## Prompt
Transcribe the data that follows without changing a word, and omit the pictures.

## Given information
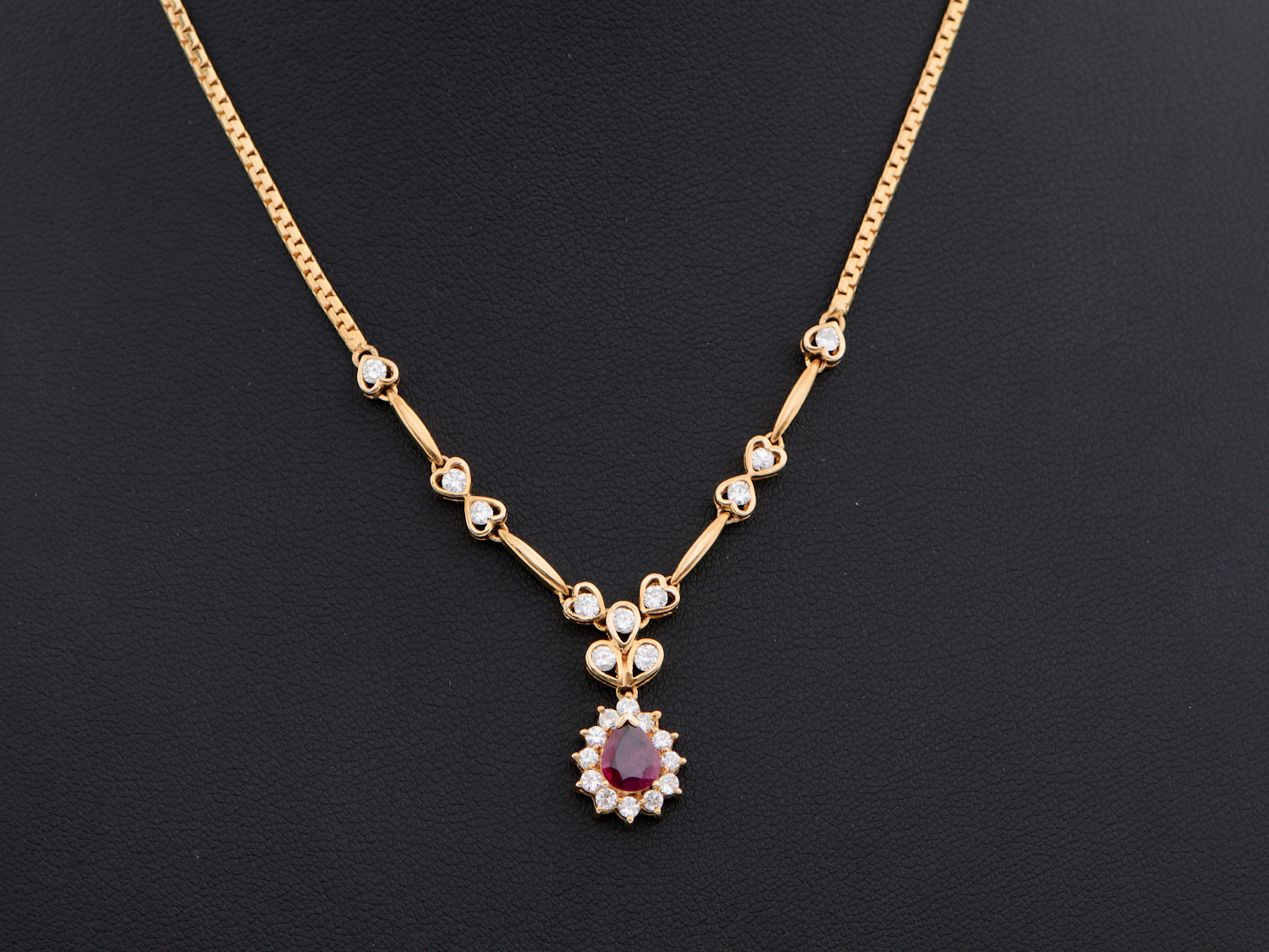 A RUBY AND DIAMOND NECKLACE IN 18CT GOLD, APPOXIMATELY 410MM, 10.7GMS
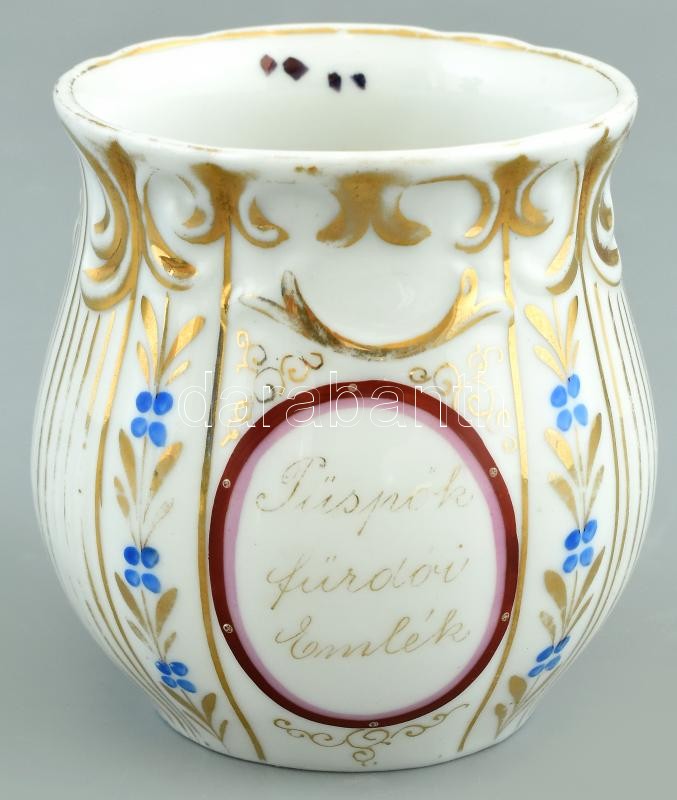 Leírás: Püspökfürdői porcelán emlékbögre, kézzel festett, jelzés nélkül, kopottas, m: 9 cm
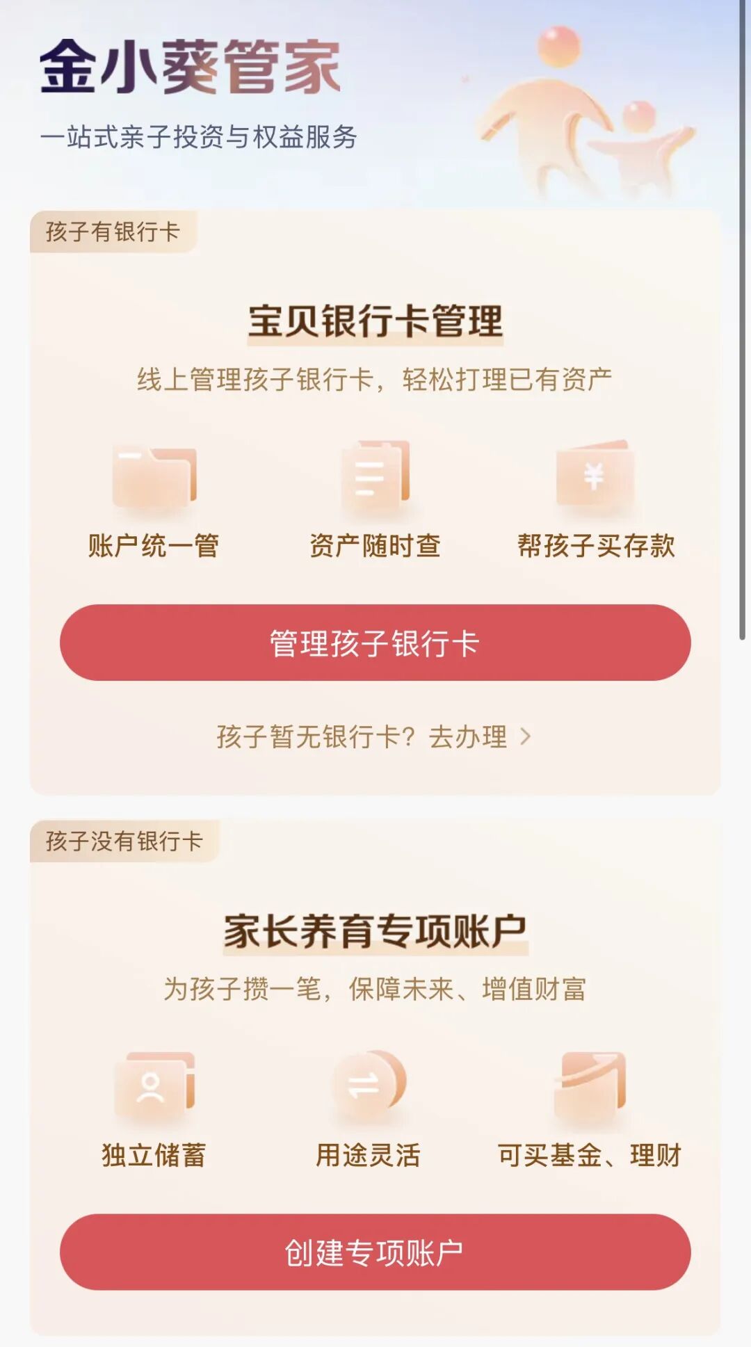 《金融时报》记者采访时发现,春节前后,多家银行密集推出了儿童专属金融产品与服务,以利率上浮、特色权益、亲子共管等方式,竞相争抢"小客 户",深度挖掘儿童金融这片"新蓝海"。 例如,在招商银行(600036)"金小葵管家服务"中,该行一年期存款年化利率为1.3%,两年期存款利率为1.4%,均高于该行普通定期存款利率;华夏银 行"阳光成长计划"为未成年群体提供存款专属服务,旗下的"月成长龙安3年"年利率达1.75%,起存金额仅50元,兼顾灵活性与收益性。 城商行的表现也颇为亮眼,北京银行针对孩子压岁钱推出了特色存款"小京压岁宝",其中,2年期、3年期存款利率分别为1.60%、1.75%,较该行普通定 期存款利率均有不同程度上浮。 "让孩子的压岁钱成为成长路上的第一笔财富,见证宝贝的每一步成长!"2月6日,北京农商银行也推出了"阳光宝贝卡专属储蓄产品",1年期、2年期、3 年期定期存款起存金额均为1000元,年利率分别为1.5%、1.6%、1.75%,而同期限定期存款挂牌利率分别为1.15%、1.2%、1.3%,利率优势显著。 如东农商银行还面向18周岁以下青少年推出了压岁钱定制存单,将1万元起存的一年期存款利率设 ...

## Response to the exercise
 A RUBY AND DIAMOND NECKLACE IN 18CT GOLD, APPOXIMATELY 410MM, 10.7GMS
 Leírás: Püspökfürdői porcelán emlékbögre, kézzel festett, jelzés nélkül, kopottas, m: 9 cm
 《金融时报》记者采访时发现,春节前后,多家银行密集推出了儿童专属金融产品与服务,以利率上浮、特色权益、亲子共管等方式,竞相争抢"小客 户",深度挖掘儿童金融这片"新蓝海"。 例如,在招商银行(600036)"金小葵管家服务"中,该行一年期存款年化利率为1.3%,两年期存款利率为1.4%,均高于该行普通定期存款利率;华夏银 行"阳光成长计划"为未成年群体提供存款专属服务,旗下的"月成长龙安3年"年利率达1.75%,起存金额仅50元,兼顾灵活性与收益性。 城商行的表现也颇为亮眼,北京银行针对孩子压岁钱推出了特色存款"小京压岁宝",其中,2年期、3年期存款利率分别为1.60%、1.75%,较该行普通定 期存款利率均有不同程度上浮。 "让孩子的压岁钱成为成长路上的第一笔财富,见证宝贝的每一步成长!"2月6日,北京农商银行也推出了"阳光宝贝卡专属储蓄产品",1年期、2年期、3 年期定期存款起存金额均为1000元,年利率分别为1.5%、1.6%、1.75%,而同期限定期存款挂牌利率分别为1.15%、1.2%、1.3%,利率优势显著。 如东农商银行还面向18周岁以下青少年推出了压岁钱定制存单,将1万元起存的一年期存款利率设 ...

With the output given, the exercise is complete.